Stream mode can capture the agent's chain-of-thought (thinking blocks) from Claude's
`stream-json` output. Controlled by `thinking` and `thinking_target` in `StreamConfig`:

| Config | Behavior |
|--------|----------|
| `thinking: false` (default) | Thinking blocks silently skipped |
| `thinking: true` (no `thinking_target`) | Thinking interleaved in target component as `<details><summary>Thinking</summary>...</details>` |
| `thinking: true` + `thinking_target: log` | Thinking routed to separate `<!-- agent:log -->` component; response goes to target |

**Parser:** `extract_assistant_content()` in `streaming.rs` extracts both `"type": "text"` and
`"type": "thinking"` content blocks. Thinking is buffered separately (`thinking_buffer`) and
flushed on the same timer interval as response text.

Use this frontmatter structure to enable thinking with a separate log component:
```markdown
---
agent_doc_format: template
agent_doc_write: crdt
agent_doc_stream:
  target: exchange
  thinking: true
  thinking_target: log
---
<!-- agent:exchange -->
User prompt here.
<!-- /agent:exchange -->
<!-- agent:log -->
<!-- /agent:log -->
```

### Flush Behavior

Stream flushes use **replace mode** for the target component regardless of the component's
configured mode. This is because the stream buffer is cumulative — each chunk contains the
full text so far, not just the delta. Without replace mode, append-mode components (like
`exchange`) would duplicate content on each flush.

Implementation: `flush_to_document()` passes mode overrides to
`template::apply_patches_with_overrides()`.

### IPC-First Writes (v0.17.5)

All write paths (`run`, `stream`, `write`) try IPC to the IDE plugin before falling back to direct disk writes. IPC writes a JSON patch file to `.agent-doc/patches/<hash>.json`; the IDE plugin applies it via Document API (preserving cursor, undo stack, no "externally modified" dialog) and deletes the file as ACK. If no plugin is active or ACK times out (2s), the write falls back to atomic disk write.

- `try_ipc()` — component-level patches for template/stream documents
- `try_ipc_full_content()` — full document replacement for append-mode documents
- Both are safe to call unconditionally; they return `false` immediately if `.agent-doc/patches/` does not exist

**Key files:** `crdt.rs` (CRDT foundation), `merge.rs` (CRDT merge path), `stream.rs` (command),
`agent/streaming.rs` (StreamingAgent trait + chunk parser), `agent/claude.rs` (streaming impl)

**Reactive file-watching:** CRDT-mode documents (`resolved.is_crdt()`) get reactive file-watching (zero debounce) from the watch daemon. The `WatchEntry` has a `reactive: bool` field set by `discover_entries()` for CRDT docs. Reactive paths are tracked in a `HashSet<PathBuf>` and use `Duration::ZERO` for the debounce check, enabling instant re-submit on file change.

**One session per document:** Each `agent-doc stream` spawns its own Claude CLI process.
Multiple documents stream in parallel via separate tmux panes.

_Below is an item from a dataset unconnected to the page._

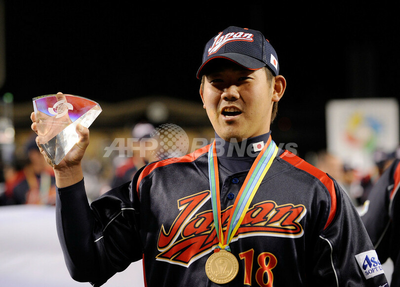大会最優秀選手には、22日に行われた米国との準決勝で勝利投手になるなど、今大会3勝0敗で防御率2.45の成績を収めた米大リーグ(MLB)ボストン・レッドソックス(Boston Red Sox)の松坂大輔(Daisuke Matsuzaka)が2大会連続で選出された。(c)AFP/Jim Slater

**CRDT state storage:** `.agent-doc/crdt/<hash>.yrs` — persisted after each stream for
subsequent merges. Compacted via `agent-doc compact` to GC tombstones.

## Domain Ontology

agent-doc extends the existence kernel vocabulary (defined in `~/.claude/philosophy/src/`) with domain-specific terms. See the full ontology table in [README.md](README.md#domain-ontology).